Минуты две Ахилл провел в своей комнате, массируя больную голову, бесцельно блуждая взглядом по полкам и шкафам с аппаратурой, инструментами, книгами — со всем тем богатством и барахлом, которое тут у него скопилось за несколько лет. Что со всем этим будет, когда он уйдет? Кто придет сюда после него? Или школу разгонят, и все исчезнет, пропадет вместе с нею? «Подлость. Подлые, подлые!» — сжимая зубы и непроизвольно шевеля губами, произносил он про себя. Раздался звонок с перемены.

Выпрямившись, Ахилл шагнул к классу. Все разом встали. Ахилл не удержался от обычного отвратительного взгляда на дверь (сейчас этот взгляд был, однако, оправдан): классная дверь была плотно закрыта, сквозь ручку ее проходила нога деревянного стула, — того, чье место было перед столом учителя.

Пропело до первой октавы. У клавиатуры стоял Маронов. Правый кулак его был крепко сжат и выдвинут вперед на уровне груди, — он будто хотел ударить кого-то, — но эта сжатая кисть означала, что хор должен петь унисонную тонику до, — Славик взмахнул резко левой рукой, и

Да здра-ав! — ству-ет наш! у-чи-и! — тель

— запели ребята стройно, торжественно, будто кант Петровских времен, вернулись к повтору — Да здра-ав!.. — но вдруг резкий стук вмешался в хор, это стул задергался в ручке сотрясаемой снаружи двери, Ахилл посмотрел в дверное окошко, там маячили лица начальства, он сделал жест, — мол, ничем не могу я помочь, урок у меня, правило мое вы знаете, если дети поют, — никаких помех, никто не смеет прервать их творчество, они в этот миг живут в музыке, и недопустимо мешать этой хрупкой жизни, тут нервы, психика, все очень тонко, чуть не так — и срыв, согласны? А меж тем Маронов левую ладонь поднял чуть выше правой, раскрытые ее пальцы вытянул горизонтально, и левая половина класса запела на терцию выше, так что дальнейшие фразы куплета звучали уже двухголосно:

Да здравствует наш предводитель —

Великий герой Ахилл!

Вот негодяи! Это что-то новое! В классе его положено звать Михаил Ильич. Однако, похоже, теперь и школьный учитель Ахилл становится эпосом…

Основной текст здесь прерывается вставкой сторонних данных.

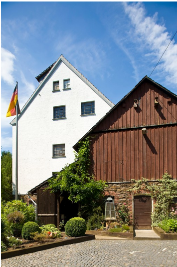
Mittelirser Mühle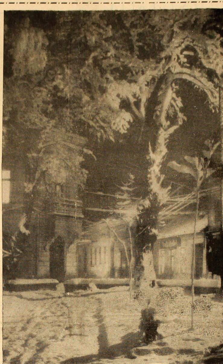
A NINS, LA PETROȘANI!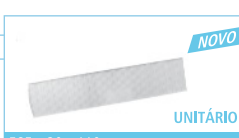
585 x 20 x 110mm FB1177 UNITÁRIO NOVO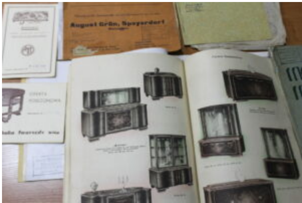
Publikacje poświęcone meblom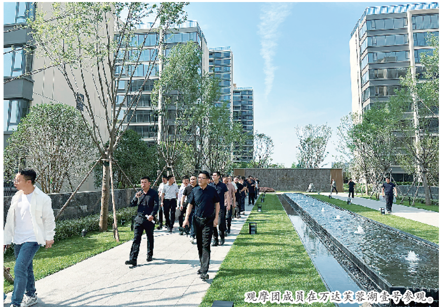
观摩团成员在万达芙蓉湖壹号参观。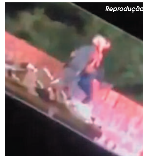
O pedido de prisão foi feito pela Corregedoria da PM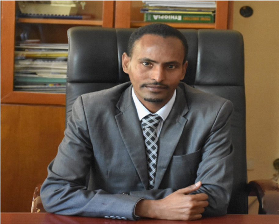
መካየዲ ስራሕ ፋብሪካ መድሓኒት ኣዲስ ኣይተ ሃይለ ገ/ማካኤል

ፋብሪካ መድሓኒት ኣዲስ ናብ መኸሰብ ዝተሰጋገረ ካብ 2002 ዓ/ም ጀሚሩ እዩ። ዝነበረ 500 ሚልዮን ውህሉል ዕዳ ኣብ 2002 ዓ/ም እዩ ምክፋል ጀሚሩ። ዕድሑ ወዲኡ ናብ ከሰቢ ኣትዮ ዘሎ ኣብዘም ዝሓለፉ 3 ዓመታት ጥራሕ እዩ። ሕዚ ኣብ ዘተኣማምን ሃዋህውን መንገድን ድማ ይርከብ። ንኣብነት ዘፍርዮም መድሓኒታት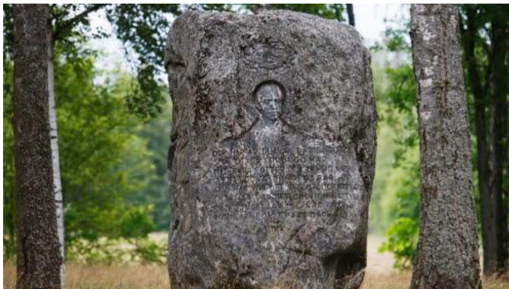
Figur 1. Del av Christian Erikssons Frödingsten

Strax norr om Alsters herrgård och E18 står Frödingstenen som invigdes år 1921 och är skapad av den värmländske bildhuggaren Christian Eriksson. I stenen finns motiv ur tre Frödingdikter: "Ett gammalt bergtroll", "En morgondröm" och "Strövtåg i hembygden".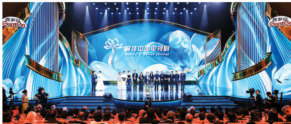
■ 白玉兰奖昨晚揭晓,电视剧《繁花》荣获最佳中国电视剧奖

6月28日,第29届上海电视节白玉兰奖颁奖典礼在上海临港演艺中心举行,这也是“白玉兰绽放”颁奖典礼首次走出中心城区举办。上海出品的电视剧《繁花》荣获最佳中国电视剧、最佳男主角、最佳编剧(改编)、最佳摄影、最佳美术等5个奖项。《漫长的季节》导演辛爽获最佳导演。上海出品的纪录片《何以中国》获最佳系列纪录片。动画片《中国奇谭》获国际传播奖。至此,本届上海电视节圆满落幕。 >>>详见第10版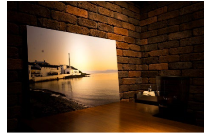
オーナーがスコットランドで 買い付けてきたアイラモルトが多数揃う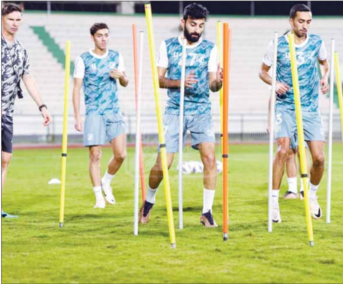
برداريتش يتابع تدريبات لاعبيه أول من أمس

ويطمح العربي الى استغلال عاملي الأرض والجمهور، وتحقيق انتصار يمكنه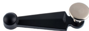
Poignée fonte vernie noire bouton plat laiton nickelé mat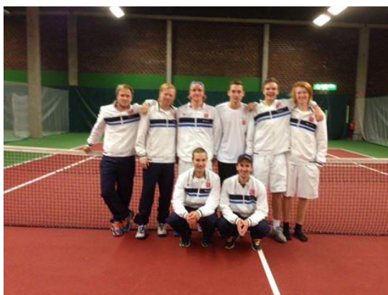
Serie, serie, seriesegrare..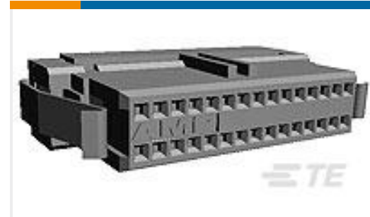
TE 产品编号2-111196-4 100 RCPT SYSTEM 50, LEAD FREE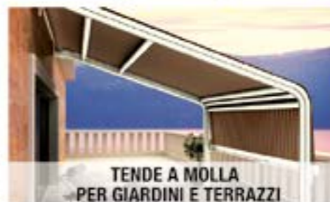
TENDE A MOLLA PER GIARDINI E TERRAZZI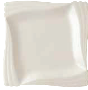
200-302 エンゼル四方角皿(大) 24.5×24.5×2.5cm 3,100円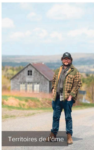
Territoires de l'âme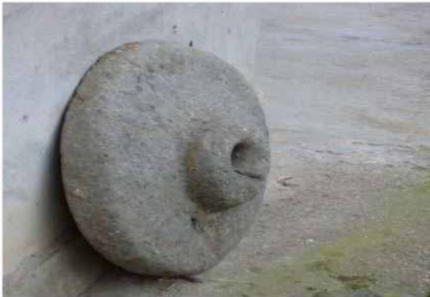
سنگ آسیاب قدیمی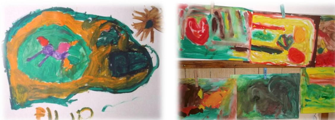
Obr. 74 až 75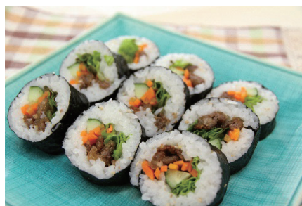
(以下すべて左から掲載月号) 4月号・5月号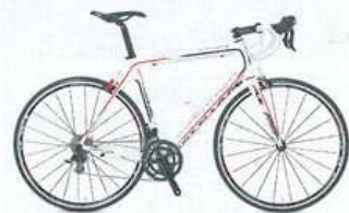
Colnago Ace 2499 € Cadre: mono-coque carbone - Transmission: Shimano 105 - Roues: Shimano R 500 - Poids: 7,8 kg

Un beau vélo italien ne réclame pas forcément une dépense conséquente. Noms prestigieux, esthétique hors du commun et part de légende sont au programme.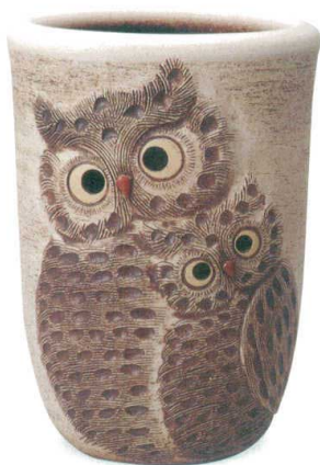
ペアふくろう透し彫傘立 A059-06 W360×D280×H480 ¥25,000 (税込¥27,500)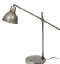
Lampe à poser SHELTER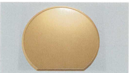
雲流半月盆 タタキ金 / 裏黒塗 A 7-48-28 (17419320) 尺1 ¥3,900 332×302×10 7-48-29 (17419330) 尺2 ¥4,500 364×329×10 7-48-30 (17419340) 尺3 ¥4,950 393×368×10 7-48-31 (17419350) 尺4 ¥5,900 425×385×10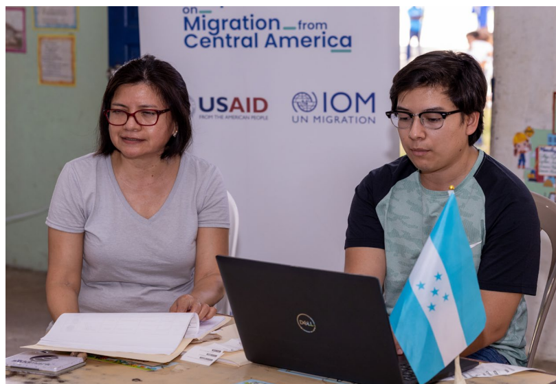
La embajada de Honduras en Belice opera la estación de servicio de Embajadas en el Centro Móvil para Migrantes en apoyo al Programa de Amnistía, Pomona, Belice, 2023.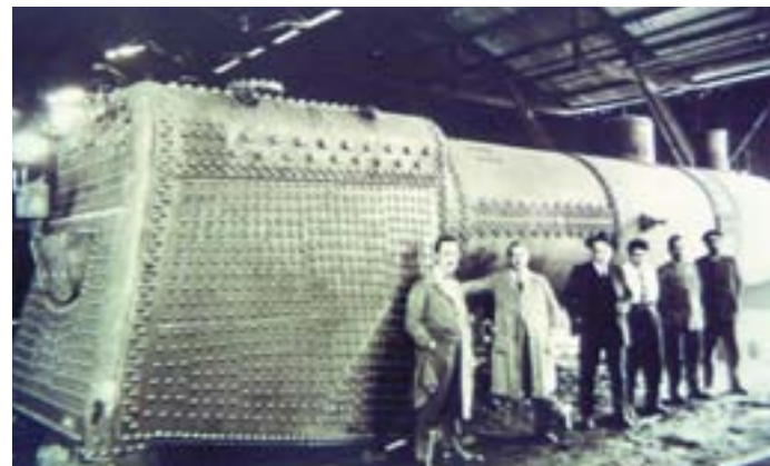
Máquina de vapor construida- Principios Siglo XX

▶ Son calderas destinadas a la calefacción de edificios residenciales, hoteles, centros de educación,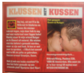
Hitkrant 26, 2004

Het vertoog dat seks samenhangt met liefde komt gedurende de hele onderzochte periode duidelijk in de bladen naar voren en is in de tekst steeds op dezelfde, de hierboven beschreven manier geconstrueerd. Echter, de samenhang tussen seks en liefde komt ook naar voren in de afbeeldingen die in de tienertijdschriften gebruikt zijn. De bladen bevatten in de afgelopen tien jaar bijna geen seksuele afbeeldingen (de Girlz! -rubrieken bevatten helemaal geen afbeeldingen). De enige afbeeldingen die naar aanleiding van de in het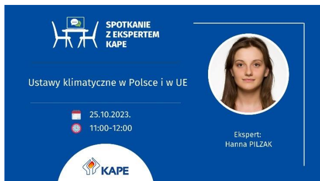
Fot. 2 Spotkanie z ekspertem KAPE

25.10 - „Ustawy klimatyczne w Polsce i w UE”,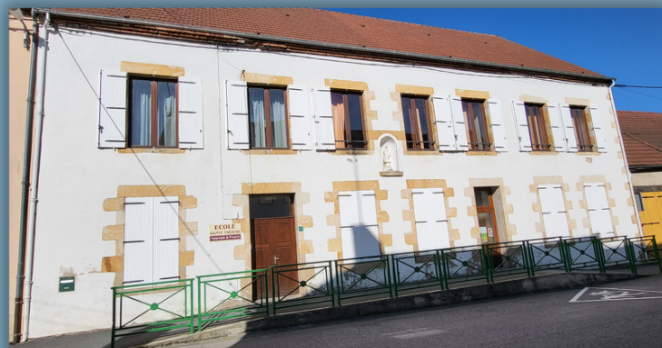
Ecole Privée Maternelle et Élémentaire Sainte-Thérèse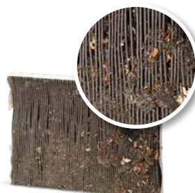
Sem manutenção do ar-condicionado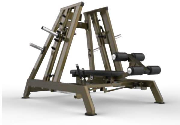
デュアルベンチスミスマシン DUAL BENCH SMITH MACHINE — HSPRO-1007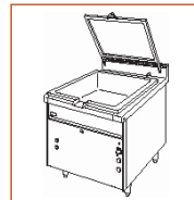
SBM 35 G - RF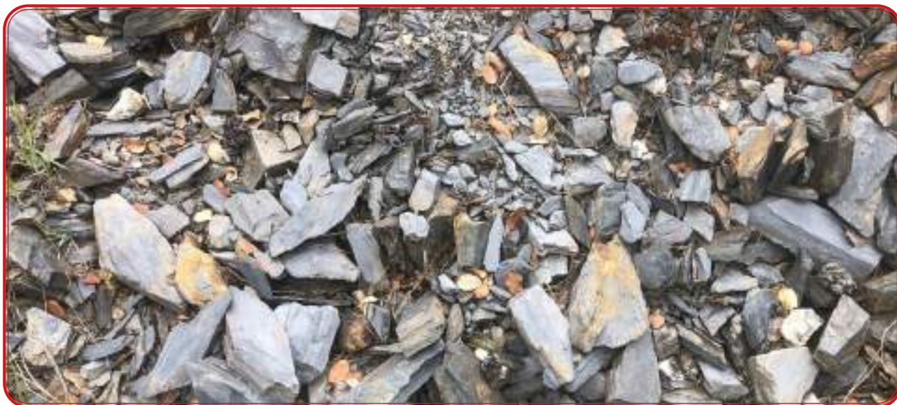
Conglomerado de pizarra de Los Pedroches.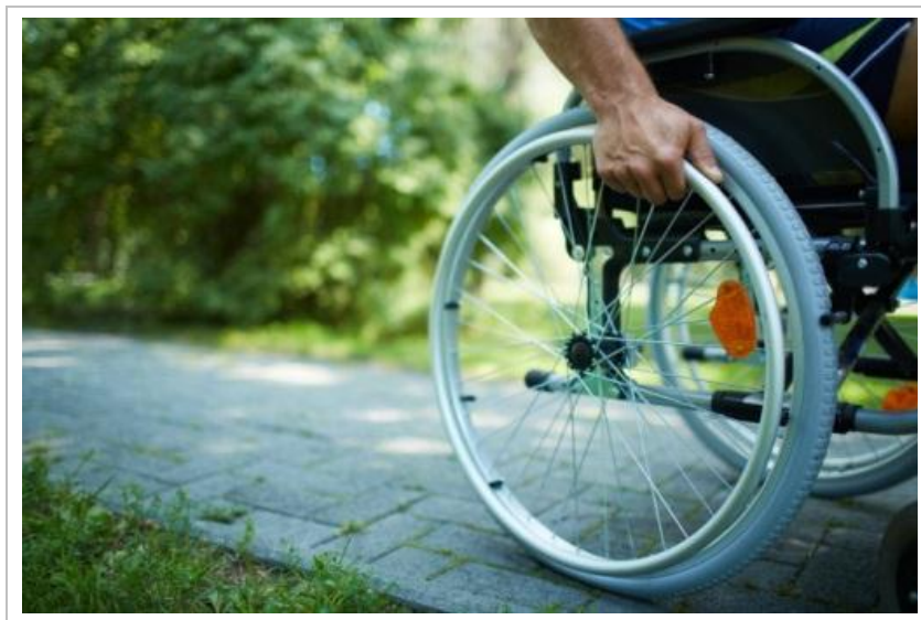
Rysunek 3.2 Osoba niezdolna do pracy fizycznej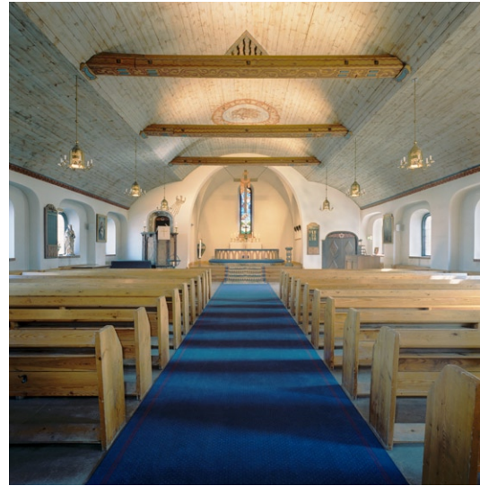
Kyrkorummets mot koret .

pryds av två stora målade medaljonger med en ängel inom en krans av moln. Väggarna är putsade i vitt och golvet belagt med grå linoleum. De ganska låga, korgbågiga fönstren är placerade i djupa nischer och blyspröjsade med klart antikglas.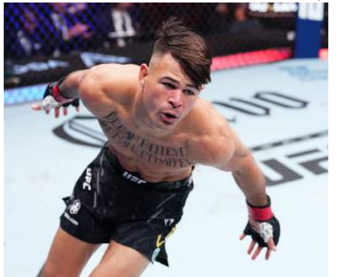
Lutador amazonense aceitou fazer a luta na categoria dos leves após o estadunidense não bater o peso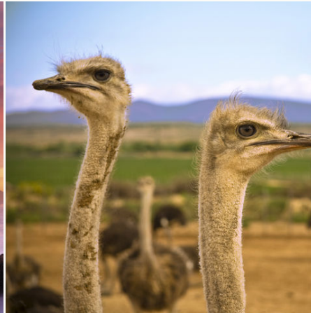
Strausse in der Karoo, Südafrika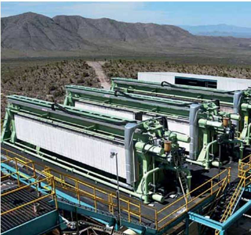
Filtro pressa

I fanghi derivanti dal trattamento possono a volte essere destinati alla termovalorizzazione; in tali casi i fumi vengono neutralizzati e depolverizzati con filtri a maniche.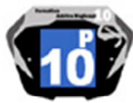
Filles / Femmes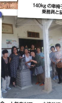
今、人気のツアー。小湊鉄道、里見駅。話題のトロッコ電車を楽しみました。10名様参加、59,800円(税別) 高速代別途。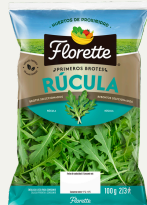
Primeros brotes Rúcula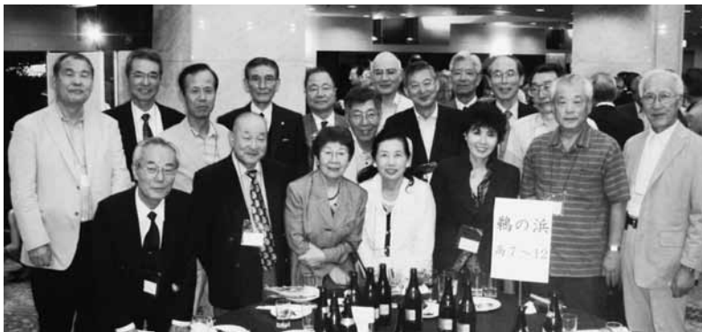
「団結力がありません 夢もあります」 (高11回)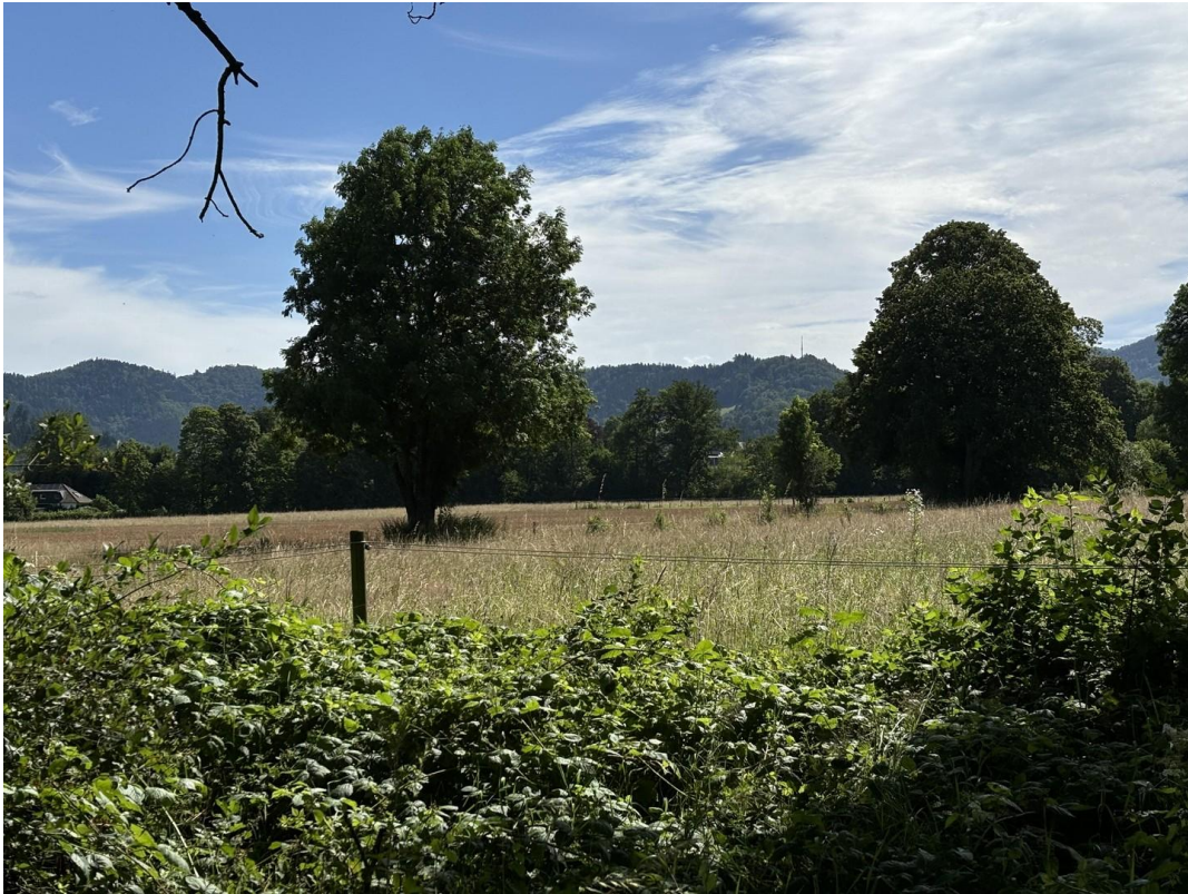
Blick nach Norden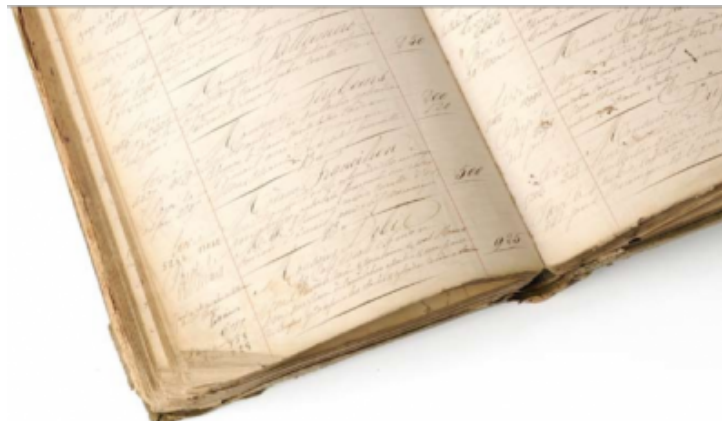
La collection du Musée L.Leroy

Le fond d'archives de la maison Leroy est principalement composé de recueils de ventes dans lesquels figurent la grande majorité des pièces livrées à nos clients depuis le début du XIXe siècle. Un compte rapide et non exhaustif permet d'estimer à près de 400 000 le nombre de pièces répertoriées dans nos registres et vendues pendant ces quelques 200 années d'activité ininterrompue.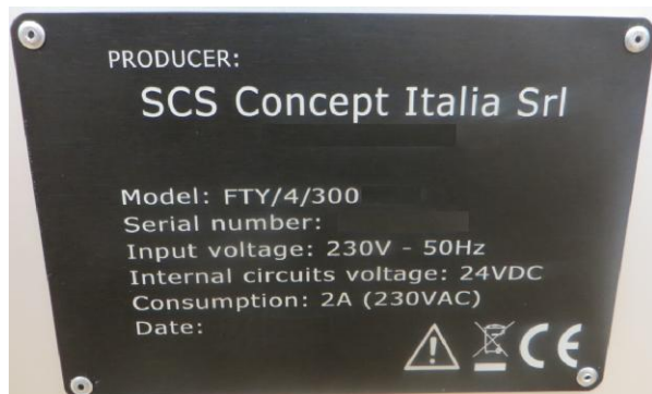
Рисунок 1 - Пример заводской таблички стендов

Общий вид стендов приведён на рисунках 3 - 4.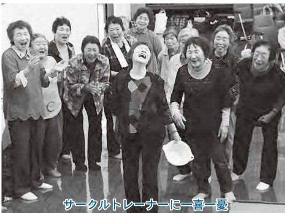
サークルトレナーに一喜一憂

生きがい活動支援事業は、毎週各地区で実施(地区ごとに曜日は違います)していますので、お気軽にお立ち寄りください。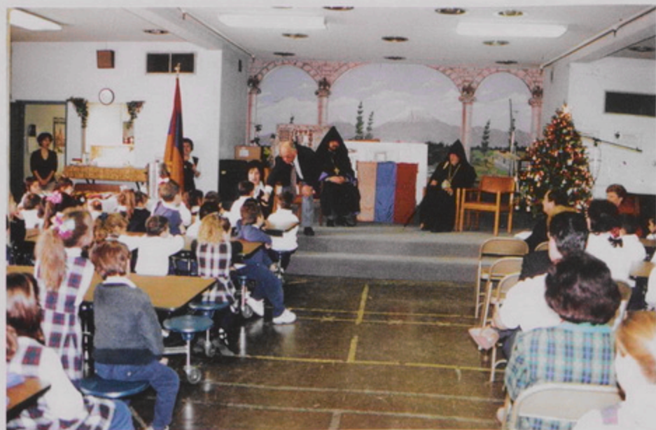
Թորգոմ Պատրիարք եւ Յրեցնի Ս. Պօղոս Եկեղեցւոյ Հովիւ Տ. Սասուն Մ. Վրդ. Զմրութեան Հայ Վարժարանի աշակերտներուն հետ:

Вышла к доске и встала рядом с Ахиллом девочка, Света Боброва — по кличке Бобер, конечно, так звали ее за фамилию и за то, что стригла жесткие волосы коротко, бобриком, как «панка» — была она у Ахилла самой способной после Славки, — Света отсекла полкласса резким взмахом, вторым решительным жестом показала Славке, чтобы вел свою только, правую половину, и тут же подала знак левой части класса — ладонью, поставленной к ним открыто вперед и чуть вверх, — подала им ре, и сразу же определились два разных полухора, поющих контрапунктно и то сходясь в классически верной гармонии, то расходясь в диссонансах, в которых слышались дикость, угроза и стиснутый в ритмы разгул:

Бездарный тиран Агамемнон!

Бездарный тиран Агамемнон!

— так спели они раз и другой, продолжили затем на громком форте:

Да сгинет в позоре безмерном

— и тут-то оба дирижера взмахами рук ли — крыл — хитонов в полете, — будто посланцы карающего Зевса, вселили в голоса зло мести и проклятья, — и громко изверглось из множества юных глоток:

Бездар! — ный — тиран! — Ста-ли-нист!!!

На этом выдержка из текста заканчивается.